In short, the topics covered in this chapter are:

  • The characteristics and uses of generators
  • Generator comprehensions
  • Generator functions
  • Generator classes
  • Bundled generators
  • Coroutines

What are generators?

A generator, in its simplest form, is a function that returns elements one at a time instead of returning a collection of items. The most important advantage of this is that it requires very little memory and that it doesn't need to have a predefined size. Creating an endless generator (such as the itertools.count iterator discussed in Chapter 4, Functional Programming – Readability Versus Brevity) is actually quite easy, but it does come with a cost, of course. Not having the size of an object available makes certain patterns difficult to achieve.

The basic trick in writing generators (as functions) is using the yield statement. Let's use the itertools.count generator as an example and extend it with a stop variable:

>>> def count(start=0, step=1, stop=10):
...     n = start
...     while n <= stop:
...         yield n
...         n += step

>>> for x in count(10, 2.5, 20):
...     print(x)
10
12.5
15.0
17.5
20.0

Due to the potentially infinite nature of generators, caution is required. Without the stop variable, simply doing list(count()) would result in an out-of-memory situation quite fast.
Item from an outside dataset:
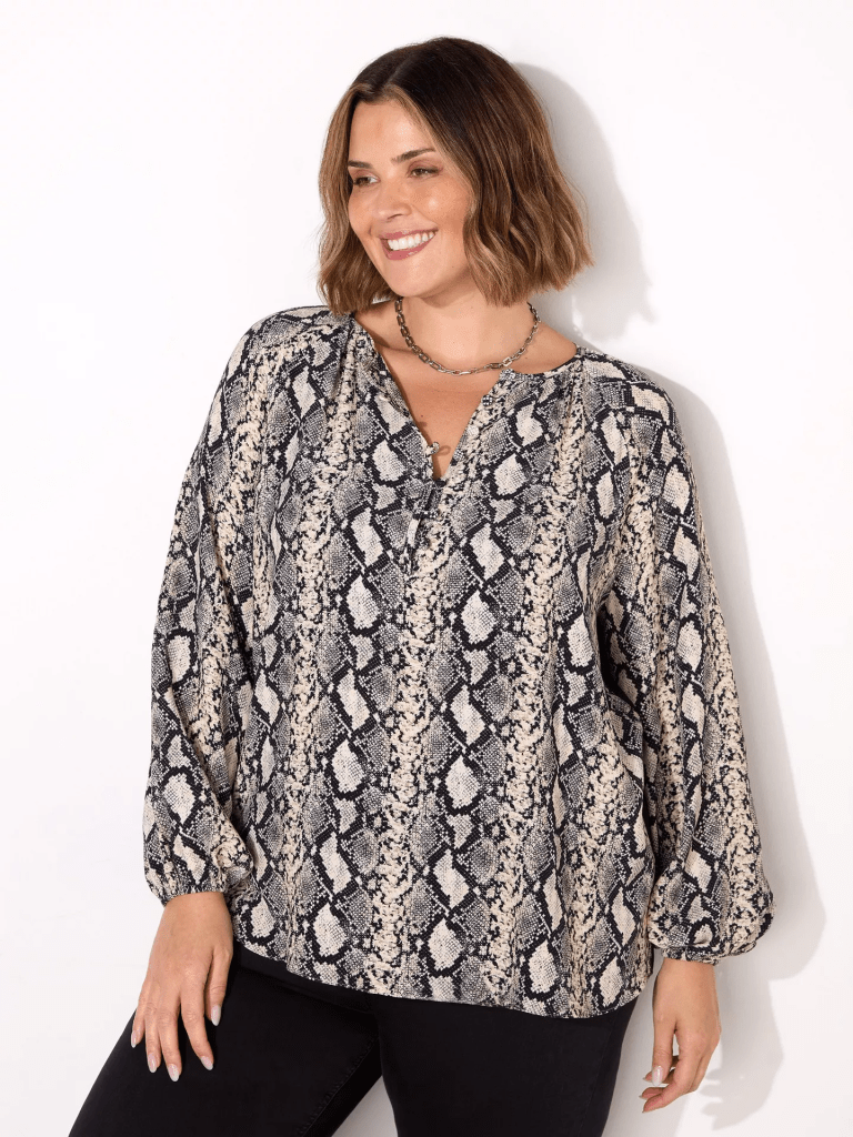 Cut from a gorgeous snake print woven fabric, this Button Front blouse is so comfortable, making you want to wear it time and time again. It has a gathered V neckline with a button fastening that is just so flattering to wear. The long raglan sleeves offer a beautiful movement and silhouette. It slips on easily over your head.

So how does this work? It's just a normal for loop, but the big difference between this and the regular method of returning a list of items is that the yield statement returns the items one at a time. An important thing to note here is that the return statement results in a StopIteration and passing something along to return will be the argument to the StopIteration. It should be noted that this behavior changed in Python 3.3; in Python 3.2 and earlier versions, it was simply not possible to return anything other than None. Here is an example:

>>> def generator():
...     yield 'this is a generator'
...     return 'returning from a generator'

>>> g = generator()
>>> next(g)
'this is a generator'
>>> next(g)
Traceback (most recent call last):
    ...
StopIteration: returning from a generator

Of course, as always, there are multiple ways of creating generators with Python. Other than functions, there are also generator comprehensions and classes that can do the same thing. Generator comprehensions are pretty much identical to list comprehensions but use parentheses instead of brackets, like this for example:

>>> generator = (x ** 2 for x in range(4))

>>> for x in generator:
...    print(x)
0
1
4
9

For completeness, the class version of the count function is as follows:

>>> class Count(object):
...     def __init__(self, start=0, step=1, stop=10):
...         self.n = start
...         self.step = step
...         self.stop = stop
...
...     def __iter__(self):
...         return self
...
...     def __next__(self):
...         n = self.n
...         if n > self.stop:
...             raise StopIteration()
...
...         self.n += self.step
...         return n

>>> for x in Count(10, 2.5, 20):
...     print(x)
10
12.5
15.0
17.5
20.0

The biggest difference between the class and the function-based approach is that you are required to raise a StopIteration explicitly instead of just returning it. Beyond that, they are quite similar, although the class-based version obviously adds some verbosity.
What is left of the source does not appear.